カンタス32便はヒースロー空港からチャンギ空港を経由して、シドニー空港に向かう定期便であった [1] [2] [3] [4] [5] [6] [7] [8] [9] [10]

チャンギ空港を離陸して数分後、突然に第2エンジンが爆発した。この時、32便はバタム島の上空を飛行中であり、第2エンジンの破片やエンジンカバーが島やその近辺に落下した。破片が発見された際にはカンタス航空のA380が墜落したと速報が流れたが、実際にはクルー達は即座に第2エンジンを停止させて消火した。偶然にもこの時、32便の機長は定期的な試験の最中で、試験官を務める別機長と交代の副操縦士を含めてコックピットクルーは5人いた上、全員がベテランだった。操縦こそ鈍くなったものの、機長は機体を安定させ、運行搭乗員たちは互いに協力し、安全な着陸のための手順を迅速に行なうことができた。

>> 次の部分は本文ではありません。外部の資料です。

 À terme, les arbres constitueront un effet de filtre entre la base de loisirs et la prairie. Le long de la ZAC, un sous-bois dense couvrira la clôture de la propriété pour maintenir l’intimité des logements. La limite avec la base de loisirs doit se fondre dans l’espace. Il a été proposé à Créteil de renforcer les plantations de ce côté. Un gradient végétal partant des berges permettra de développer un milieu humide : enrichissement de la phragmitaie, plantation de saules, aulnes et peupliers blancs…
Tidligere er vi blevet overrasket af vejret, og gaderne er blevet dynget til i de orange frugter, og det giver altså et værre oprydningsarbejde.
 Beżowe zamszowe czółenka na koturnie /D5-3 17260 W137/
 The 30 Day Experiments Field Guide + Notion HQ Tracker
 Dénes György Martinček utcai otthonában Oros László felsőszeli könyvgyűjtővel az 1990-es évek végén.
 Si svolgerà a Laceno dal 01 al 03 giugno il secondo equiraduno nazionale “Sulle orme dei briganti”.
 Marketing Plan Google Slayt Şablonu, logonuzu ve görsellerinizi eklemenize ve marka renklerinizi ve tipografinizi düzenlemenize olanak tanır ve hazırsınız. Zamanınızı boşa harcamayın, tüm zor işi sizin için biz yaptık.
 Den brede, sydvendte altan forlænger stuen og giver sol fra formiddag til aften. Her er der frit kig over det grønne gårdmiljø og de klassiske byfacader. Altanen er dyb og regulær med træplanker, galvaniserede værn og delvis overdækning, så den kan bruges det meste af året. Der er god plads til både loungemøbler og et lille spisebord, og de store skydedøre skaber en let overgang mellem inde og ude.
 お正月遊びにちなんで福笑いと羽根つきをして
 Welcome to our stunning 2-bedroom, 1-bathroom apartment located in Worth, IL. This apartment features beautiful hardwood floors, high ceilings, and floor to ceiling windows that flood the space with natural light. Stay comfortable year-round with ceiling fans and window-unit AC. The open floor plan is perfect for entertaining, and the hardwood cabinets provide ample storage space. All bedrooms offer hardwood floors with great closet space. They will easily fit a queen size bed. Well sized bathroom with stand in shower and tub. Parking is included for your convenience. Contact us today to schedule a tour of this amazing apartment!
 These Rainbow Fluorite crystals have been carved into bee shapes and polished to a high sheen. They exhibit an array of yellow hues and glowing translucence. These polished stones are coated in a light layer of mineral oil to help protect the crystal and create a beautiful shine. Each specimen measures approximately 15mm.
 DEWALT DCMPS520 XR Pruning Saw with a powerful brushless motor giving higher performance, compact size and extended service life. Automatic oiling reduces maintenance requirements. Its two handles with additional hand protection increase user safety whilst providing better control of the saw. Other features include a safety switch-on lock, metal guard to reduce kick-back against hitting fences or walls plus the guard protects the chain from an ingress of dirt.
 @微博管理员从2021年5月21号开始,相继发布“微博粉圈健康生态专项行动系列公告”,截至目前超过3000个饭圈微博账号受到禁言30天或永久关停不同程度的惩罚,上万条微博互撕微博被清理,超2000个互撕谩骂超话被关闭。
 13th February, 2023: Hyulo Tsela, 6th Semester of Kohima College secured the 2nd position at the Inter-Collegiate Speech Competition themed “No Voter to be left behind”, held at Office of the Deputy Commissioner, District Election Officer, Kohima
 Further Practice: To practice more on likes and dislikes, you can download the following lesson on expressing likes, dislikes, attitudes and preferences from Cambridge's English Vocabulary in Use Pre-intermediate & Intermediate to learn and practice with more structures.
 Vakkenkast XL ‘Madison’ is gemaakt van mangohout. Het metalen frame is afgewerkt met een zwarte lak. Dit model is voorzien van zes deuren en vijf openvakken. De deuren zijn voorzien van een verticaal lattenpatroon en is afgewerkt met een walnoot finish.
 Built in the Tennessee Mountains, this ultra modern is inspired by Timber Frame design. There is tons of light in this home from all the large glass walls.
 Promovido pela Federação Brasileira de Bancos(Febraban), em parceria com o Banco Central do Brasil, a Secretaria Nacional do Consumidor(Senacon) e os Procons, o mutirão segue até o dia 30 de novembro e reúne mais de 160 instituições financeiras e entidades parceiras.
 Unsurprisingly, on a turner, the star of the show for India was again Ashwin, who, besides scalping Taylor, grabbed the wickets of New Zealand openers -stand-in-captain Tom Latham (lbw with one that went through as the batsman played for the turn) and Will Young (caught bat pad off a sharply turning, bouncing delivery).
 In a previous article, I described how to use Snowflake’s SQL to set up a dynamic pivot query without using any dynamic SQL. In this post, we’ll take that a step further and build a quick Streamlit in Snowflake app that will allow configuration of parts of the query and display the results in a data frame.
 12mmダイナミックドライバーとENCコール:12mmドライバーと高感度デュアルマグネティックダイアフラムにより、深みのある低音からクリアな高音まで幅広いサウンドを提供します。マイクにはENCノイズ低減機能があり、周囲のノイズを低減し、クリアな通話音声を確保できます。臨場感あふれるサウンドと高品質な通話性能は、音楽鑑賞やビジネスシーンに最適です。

だが、この時副操縦士のコンソールのモニター上に、膨大な数のエラーメッセージが表示された。航空機関士が客室から被害状況を確認したところ、第2エンジンの破片の一部が主翼を貫通し、燃料が漏れ出ていた(他にも胴体下部に衝突もしくは穴を開けていた)。このダメージが、油圧などの操縦系統や配線の一部を破損させていた。さらに、燃料を捨てて機体を軽くすることもできなくなっていた。副操縦士が50項目を超えるエラーメッセージの処理に追われる一方、機長は操縦に専念し、32便はゆっくり旋回しながらチャンギ空港へと引き返した。

燃料は投棄できなかったが、事態発生から二時間後、32便は滑走路をぎりぎりでオーバーランせず着陸に成功した。クルー達は全エンジンの停止操作をしたが、制御系統へのダメージにより第1エンジンが自力で停止できなくなっていた。また燃料が漏出しており、引火を恐れた機長の判断で非常用脱出シュートを使用せず、乗客は着陸後も一時間近く機内にとどまった。 (燃料が漏れ出てる為、しなかった)

結局、駆けつけた消防隊が燃料漏れや引火の危険を食い止めた後、乗客と乗員をタラップで降ろすことにした。しかし第1エンジンの停止にはさらに時間を要し、消火液を吹き付けて事故発生から五時間後にようやく停止させた。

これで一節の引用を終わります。